Merritt presented Miss Green with a book of verse containing his experiences with John Rockefeller and Rev. Frederick T. Gates. The book does not tell of the final triumph of Rockefeller, as alleged by Merritt, as it was written before that event.


Mrs. Christ Mortinson
Source: The Duluth Herald (MN), Monday Evening, Oct. 24, 1910.

IS GORED BY ANGRY BULL Smithville Woman Seriously Injured While Trying to Rescue Son - Is Tossed in Air on Horns of the Infuriated Animal While trying to rescue her little son from a bull yesterday afternoon, Mrs. Christ Mortinson of Smithville was gored by the animal and seriously injured.
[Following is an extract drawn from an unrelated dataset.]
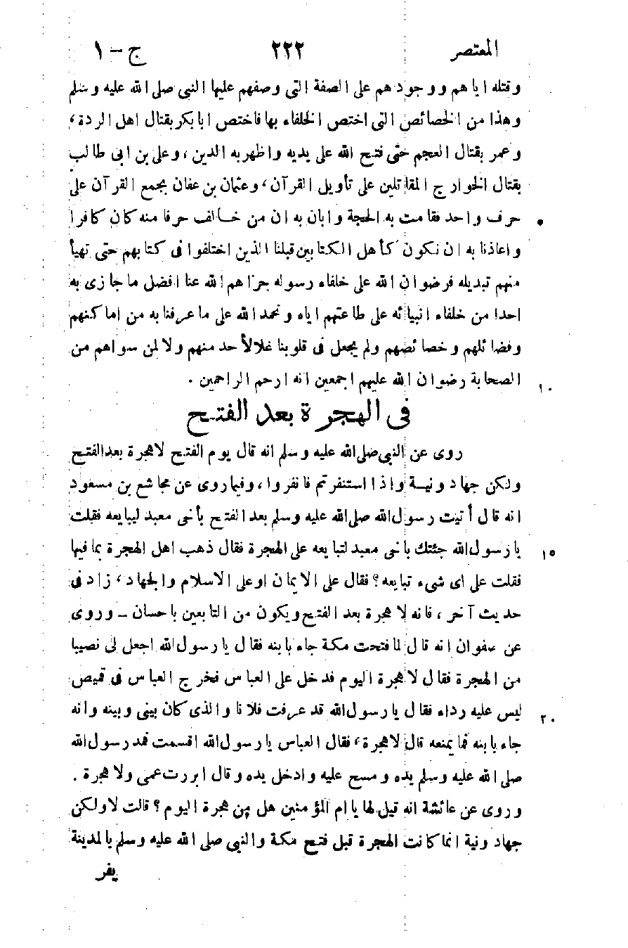 روى عن النبي صلى الله عليه وسلم أنه قال يوم الفتح: "لا هجرة بعد الفتح ولكن جهاد ونية وإذا استنفرتم فانفروا" وفيما روى عن مجاشع بن مسعود أنه قال أتيت رسول الله صلى الله عليه وسلم بعد الفتح بأخي معبد ليبايعه فقلت: يا رسول الله جئتك بأخي معبد لتبايعه على الهجرة, فقال: "ذهب أهل الهجرة بما فيها" فقلت: على أي شيء تبايعه؟ فقال: "على الإيمان أو على الإسلام والجهاد" زاد في حديث آخر: "فإنه لا هجرة بعد الفتح ويكون من التابعين بإحسان" وروى عن صفوان أنه قال: لما فتحت مكة جاء بابنه فقال: يا رسول الله اجعل لي نصيبا من الهجرة فقال: "لا هجرة اليوم" فدخل على العباس فخرج العباس في قميص ليس عليه رداء فقال: يا رسول الله قد عرفت فلانا والذي كان بيني وبنيه وأنه جاء بابنه فما يمنعه قال: "لا هجرة" فقال العباس: يا رسول الله أقسمت فمد رسول الله صلى الله عليه وسلم يده ومسح عليه وأدخل يديه وقال: "أبررت عمي ولا هجرة" وروي عن عائشة أنه قيل لها: يا أم المؤمنين هل من هجرة اليوم قالت: لا ولكن جهاد ونية إنما كانت الهجرة قبل فتح مكة والنبي صلى الله عليه وسلم بالمدينة

The bull, which was owned by John Nickola, broke loose from the pasture, where it was confined, and trotted down the road. Mrs. Mortinson saw it coming, and knowing that it was a vicious animal, ran out to get her little son, who was playing in front of the house. The animal saw her and charged. It tossed her ten or twelve feet in the air on its horns, according to spectators, who witnessed the affair, and left her unconscious on the ground. When she recovered consciousness she sat up and the bull headed for her again. By this time, however, help had arrived and the bull was driven away. Later it was captured and securely tied. Mrs. Mortinson's injuries are serious, but are not expected to prove fatal.


J. Neimi
Source: Pine Island Record (Pine Island, MN), June 21, 1917, page 2; submitted by Robin Line
Gilbert.-J. Neimi, the village water wagon driver, was taken off his wagon by officers and arrested for not registering in accordance with the provisions of the draft law.


Frank Radvsweich

Edward Stokes
Source: Duluth News-Tribune (Duluth, MN) Saturday, March 5, 1904; transcribed by Mary Kay Krogman

LAKE BREEZES.
First naturalization papers were yesterday issued from the offices of the clerk of the district court of St. Louis county to Frank Radvsweich, formerly a subject of the emperor of Austria and Edward Stokes, a native of Great Britain.


Ed Schofield
[Source: Little Falls Transcript, April 10, 1885, page 3; submitted by Robin Line]
Ed Schofield of Duluth killed a full sized black bear with an ax.


John Stende
Source: The Duluth Herald, Tuesday Evening, Oct. 25, 1910.
Carload of Stock Burns Barnesville, Minn., Oct. 25 - A carload of cattle owned by John Stende of Ulen burned to death a few miles east of Manitoba Junction in sight of the train crew, who was unable to check the blaze. The car had been attached to the engine, and sparks from the locomotive alighting in the hay started a blaze that inside of ten minutes' time had burned the cattle to cinders.